Task requirements. The data should be written out in full, exactly as it stands, and the pictures dropped.

Information shown.

============

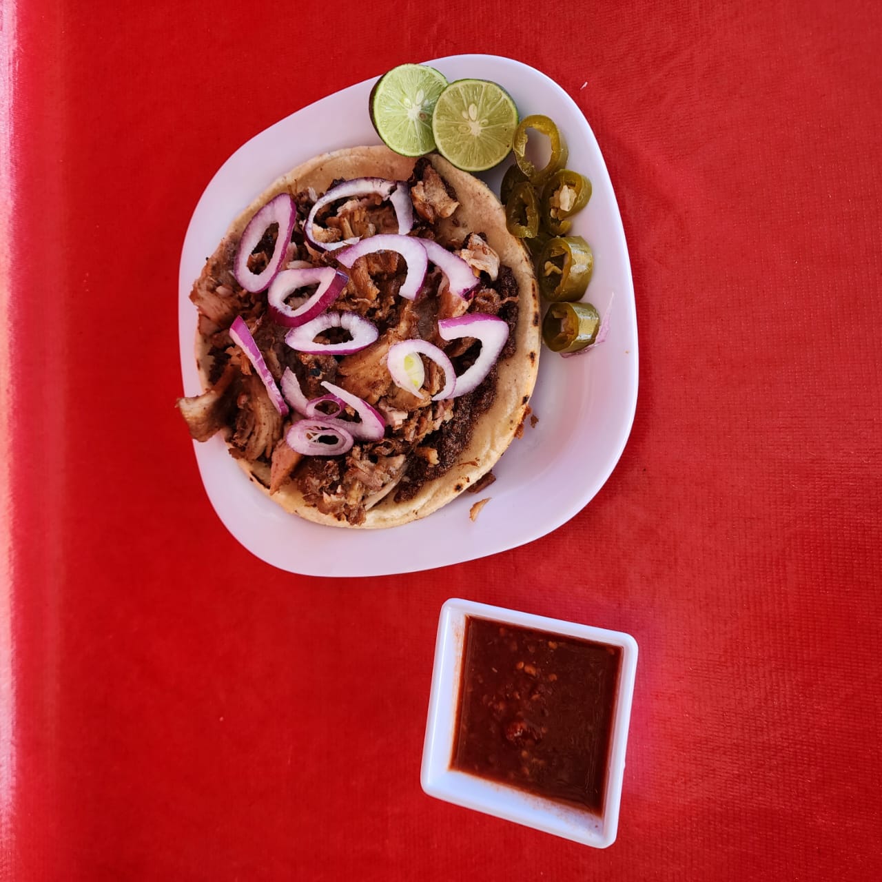 Quesadilla de carnitas con doble tortilla, acompañada de salsa de la casa, cebolla. limón y chile.
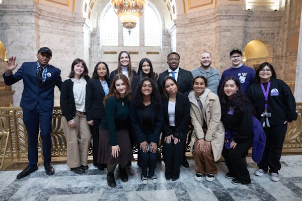 a664424b9c3cff5ce4a7a1f3c949efcd.jpg Students pose for a photo for the Huskies on the Hill event on Feb. 3, 2025 at the Washington State Capitol Building.
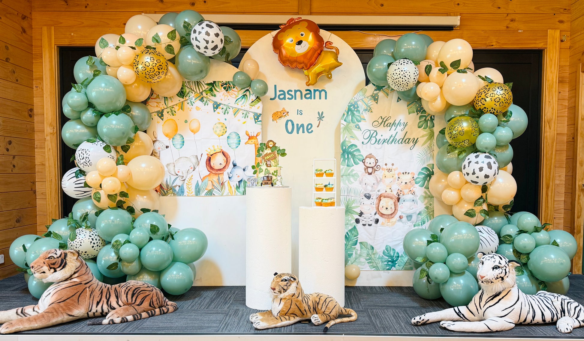 Price includes 3 arch boards with 2 balloon garlands, 3 plush animals, customised vinyl decal on the backdrop, plinth for cake and also a welcome sign on easel with or without photo. Price also includes delivery, setup and packdown within 15km from Papanui/Bishopdale. Extra fee may apply for distant locations.

============

Solution for this task.
 Quesadilla de carnitas con doble tortilla, acompañada de salsa de la casa, cebolla. limón y chile.
 a664424b9c3cff5ce4a7a1f3c949efcd.jpg Students pose for a photo for the Huskies on the Hill event on Feb. 3, 2025 at the Washington State Capitol Building.
 Price includes 3 arch boards with 2 balloon garlands, 3 plush animals, customised vinyl decal on the backdrop, plinth for cake and also a welcome sign on easel with or without photo. Price also includes delivery, setup and packdown within 15km from Papanui/Bishopdale. Extra fee may apply for distant locations.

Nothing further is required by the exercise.